I never think about getting older, but I do cultivate resilience. I walk for happiness. I go to yoga and the Y for strength. I wear a wide-brimmed hat and kneepads for farm and garden work. I love using a pitchfork. I eat lots of vegetables and sunflower seeds.
And I cultivate optimism. I thank others for being optimistic, especially in these times with heartbreaking news all around. I glean hopeful stories from my neighbors and from organizations working for social justice.
More than fifty years ago, I was fifteen and holding signs against the Vietnam War outside a draft-board in Philadelphia. I decided then to become a socially-conscious artist and gave myself ten years to find something to say. But I soon discovered that this would take a lifetime.

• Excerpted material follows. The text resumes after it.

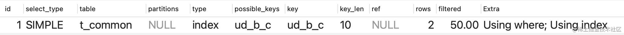 CREATE TABLE `t_common` ( `a` int unsigned NOT NULL AUTO_INCREMENT, `b` int DEFAULT NULL, `c` int DEFAULT NULL, `d` int DEFAULT NULL, PRIMARY KEY (`a`), KEY `ud_b_c` (`b`,`c`)) ENGINE=InnoDB AUTO_INCREMENT=3 DEFAULT CHARSET=utf8mb3;

I also learned that art, both created by myself, and created cooperatively can be equally compelling.
But there is one place where I do call myself “an elder” - and that’s at The Intervale Community Farm's board meetings, where I've served for twenty four years. Remembering the roots of an organization has a good place on this earth.
Beyond helping on farms, planting berries and tending flower-gardens, learning from young people, and making time for my landscape-painting, I now need to look ahead.
It’s time to stop procrastinating and catalog my lifetime of art so that samples of my work can go to a university-archive or another publicly-accessible center. I've been so inspired by past artists and I hope that future generations can be inspired by me.
It’s also time for me to learn more about climate change and wildfires. My beloved daughter has been a wildlands firefighter out West for five years now. To honor her and her crew-members, I need to speak-up more loudly for environmental stewardship, local and global.
In the time ahead, I hope to expand my horizons and my usefulness. And I’ll continue believing in those coming after me, as we all search for ways to save this precious planet.